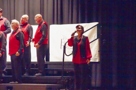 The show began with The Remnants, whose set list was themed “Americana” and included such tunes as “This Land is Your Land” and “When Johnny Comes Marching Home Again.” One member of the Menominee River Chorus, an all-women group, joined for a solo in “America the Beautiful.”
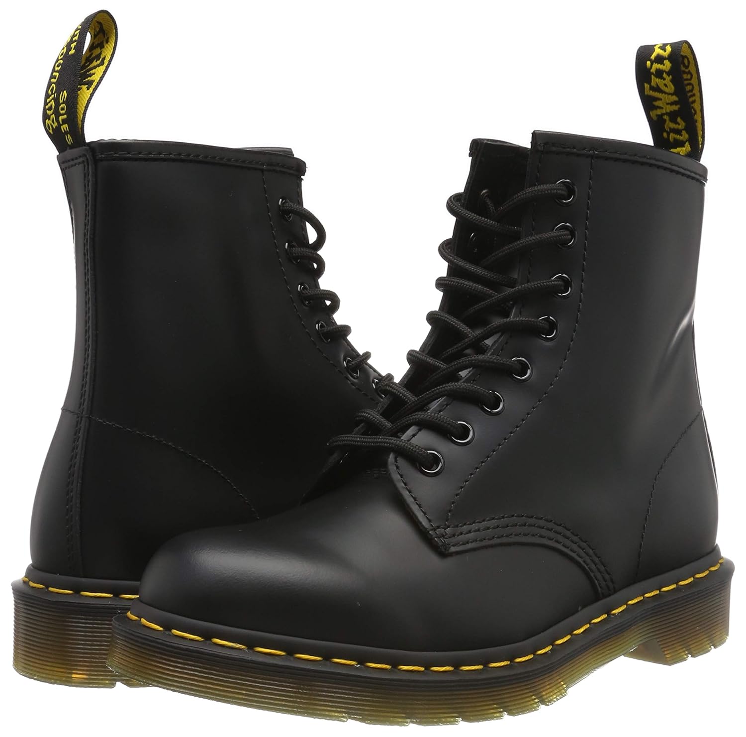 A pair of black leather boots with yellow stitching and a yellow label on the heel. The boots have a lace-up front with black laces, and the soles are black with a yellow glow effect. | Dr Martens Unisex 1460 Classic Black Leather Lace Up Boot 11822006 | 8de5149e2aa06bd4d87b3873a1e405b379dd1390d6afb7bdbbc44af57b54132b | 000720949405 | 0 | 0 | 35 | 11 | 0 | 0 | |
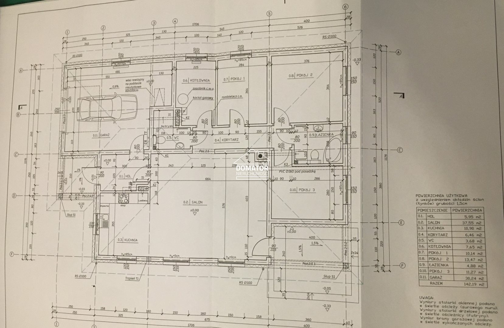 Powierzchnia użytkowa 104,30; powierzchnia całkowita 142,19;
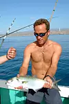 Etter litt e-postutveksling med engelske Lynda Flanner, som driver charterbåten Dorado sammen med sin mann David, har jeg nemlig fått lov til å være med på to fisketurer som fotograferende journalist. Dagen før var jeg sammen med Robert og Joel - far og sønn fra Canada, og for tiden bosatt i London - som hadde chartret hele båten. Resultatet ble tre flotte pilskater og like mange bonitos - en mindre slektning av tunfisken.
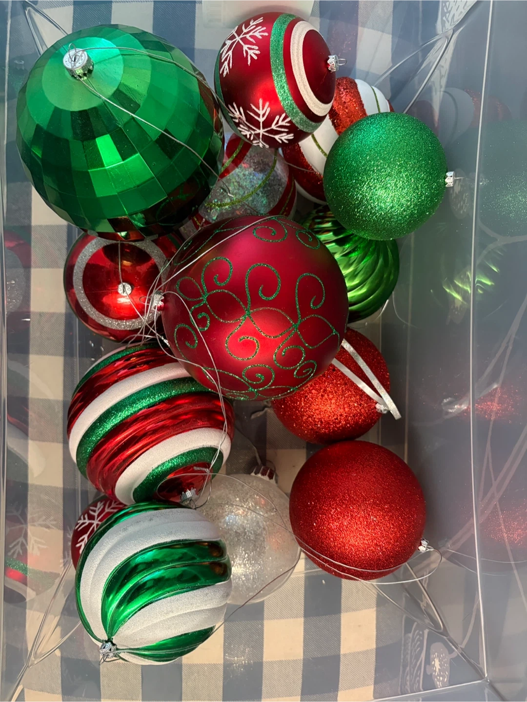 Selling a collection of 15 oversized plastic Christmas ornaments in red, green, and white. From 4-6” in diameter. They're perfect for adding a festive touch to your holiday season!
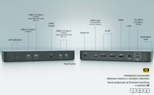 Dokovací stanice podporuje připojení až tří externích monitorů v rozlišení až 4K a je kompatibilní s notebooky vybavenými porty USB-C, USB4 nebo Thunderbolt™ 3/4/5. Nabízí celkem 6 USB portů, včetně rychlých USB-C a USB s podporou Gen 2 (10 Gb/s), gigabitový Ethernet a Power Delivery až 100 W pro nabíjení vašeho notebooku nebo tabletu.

§

### [Your instructions]
Extract, verbatim and alone, the lines from the line that contains "A pair of black" to the last line of the records, inclusive; drop any picture.

### [Task answer]
 A pair of black leather boots with yellow stitching and a yellow label on the heel. The boots have a lace-up front with black laces, and the soles are black with a yellow glow effect. | Dr Martens Unisex 1460 Classic Black Leather Lace Up Boot 11822006 | 8de5149e2aa06bd4d87b3873a1e405b379dd1390d6afb7bdbbc44af57b54132b | 000720949405 | 0 | 0 | 35 | 11 | 0 | 0 | |
 Powierzchnia użytkowa 104,30; powierzchnia całkowita 142,19;
 Etter litt e-postutveksling med engelske Lynda Flanner, som driver charterbåten Dorado sammen med sin mann David, har jeg nemlig fått lov til å være med på to fisketurer som fotograferende journalist. Dagen før var jeg sammen med Robert og Joel - far og sønn fra Canada, og for tiden bosatt i London - som hadde chartret hele båten. Resultatet ble tre flotte pilskater og like mange bonitos - en mindre slektning av tunfisken.
 Selling a collection of 15 oversized plastic Christmas ornaments in red, green, and white. From 4-6” in diameter. They're perfect for adding a festive touch to your holiday season!
 Dokovací stanice podporuje připojení až tří externích monitorů v rozlišení až 4K a je kompatibilní s notebooky vybavenými porty USB-C, USB4 nebo Thunderbolt™ 3/4/5. Nabízí celkem 6 USB portů, včetně rychlých USB-C a USB s podporou Gen 2 (10 Gb/s), gigabitový Ethernet a Power Delivery až 100 W pro nabíjení vašeho notebooku nebo tabletu.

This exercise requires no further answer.